PROVIDED MATERIAL:
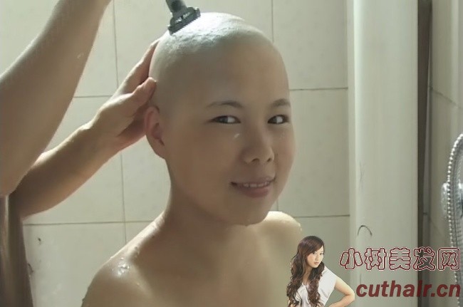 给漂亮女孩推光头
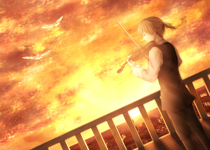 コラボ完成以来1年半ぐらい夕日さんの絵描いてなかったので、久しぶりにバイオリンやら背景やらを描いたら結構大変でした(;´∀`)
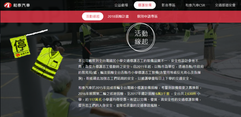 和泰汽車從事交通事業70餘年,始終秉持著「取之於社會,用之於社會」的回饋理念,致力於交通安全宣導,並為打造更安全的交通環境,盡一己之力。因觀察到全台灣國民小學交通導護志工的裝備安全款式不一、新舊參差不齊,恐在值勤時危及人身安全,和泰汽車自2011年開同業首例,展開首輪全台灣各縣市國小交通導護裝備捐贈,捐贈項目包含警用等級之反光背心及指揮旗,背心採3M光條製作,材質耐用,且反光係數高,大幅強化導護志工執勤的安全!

PROBLEM DESCRIPTION: Copy out all of the material exactly as written, without its pictures.

PROBLEM SOLUTION:
 给漂亮女孩推光头
 コラボ完成以来1年半ぐらい夕日さんの絵描いてなかったので、久しぶりにバイオリンやら背景やらを描いたら結構大変でした(;´∀`)
 和泰汽車從事交通事業70餘年,始終秉持著「取之於社會,用之於社會」的回饋理念,致力於交通安全宣導,並為打造更安全的交通環境,盡一己之力。因觀察到全台灣國民小學交通導護志工的裝備安全款式不一、新舊參差不齊,恐在值勤時危及人身安全,和泰汽車自2011年開同業首例,展開首輪全台灣各縣市國小交通導護裝備捐贈,捐贈項目包含警用等級之反光背心及指揮旗,背心採3M光條製作,材質耐用,且反光係數高,大幅強化導護志工執勤的安全!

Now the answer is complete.